Nope. The RAF may use the services of private entities from time to time as they deem necessary. We are talking about the outsourcing of an entire public function. What you are talking about would be more like the RAF having to charter an extra helicopter or two to help with their search and rescue ops if perhaps they had a couple tech machines or a sudden extra demand for whatever reason. It is clearly not the same as privatising the entire thing.



✈ Every strike of the hammer is a blow against the enemy. ✈
User currently offlinePyrex From Portugal, joined Aug 2005, 3928 posts, RR: 28
Reply 13, posted (1 year 4 months 1 week 8 hours ago) and read 1760 times:

Quoting RussianJet (Thread starter):
Public services should not be subject to private greed and the sole motivation of profit.

No, of course not, they should be subject to public greed with the sole motivation of power.

Quoting RomeoBravo (Reply 7):
Privatising it wouldn't be a bad idea. Why should people who don't get lost at sea etc have to pay for people that do?

Actually, as far as I understand it (might be wrong, though), marine insurance is already supposed to reimburse governments / other providers for search and rescue operations.

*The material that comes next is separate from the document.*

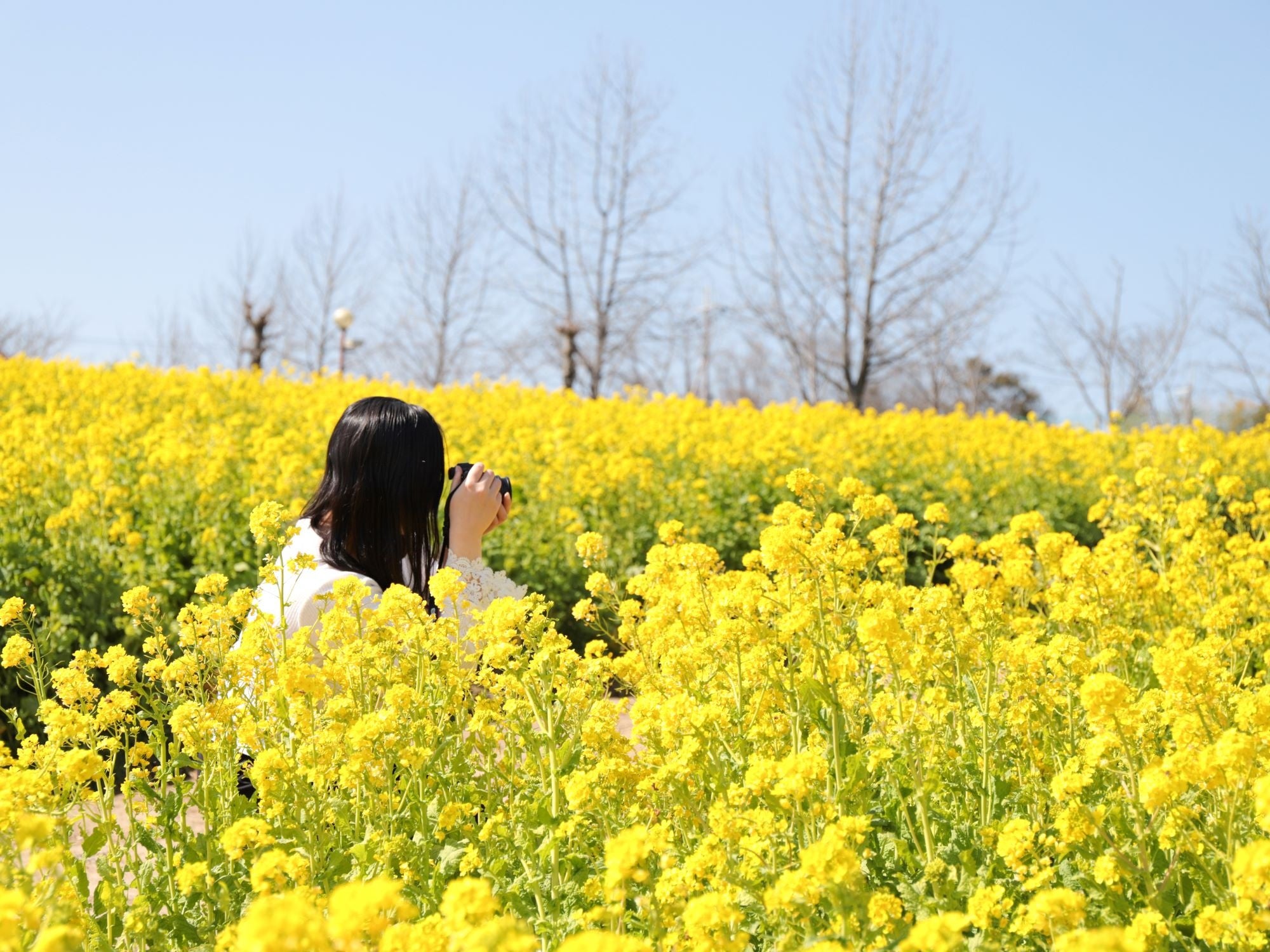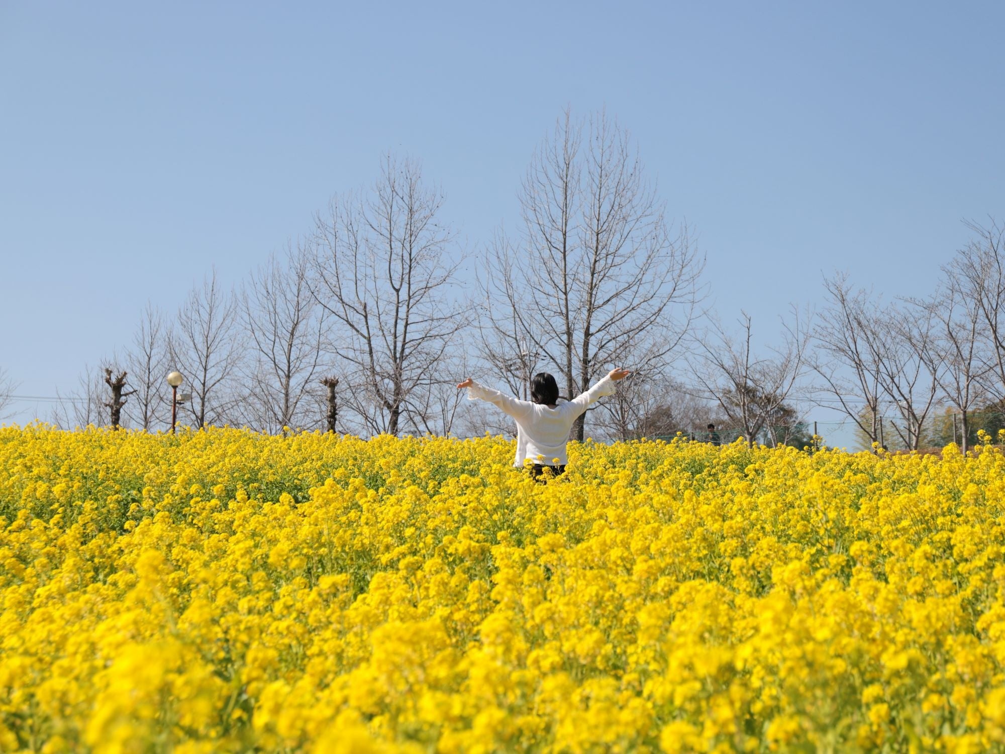 春の訪れを楽しむ黄色い絨毯「50万本の菜の花」

Of course that doesn't help in the case of the idiot who goes out on his jet-ski in bad weather, or the idiot who goes on a walk by the cliffs and forgets about tides.



Read this very carefully, I shall write this only once!
User currently offlinejohns624 From United States of America, joined Jul 2008, 903 posts, RR: 0
Reply 14, posted (1 year 4 months 1 week 8 hours ago) and read 1757 times:

How is that any different than the Royal National Lifeboat Institution doing most of the sea rescues?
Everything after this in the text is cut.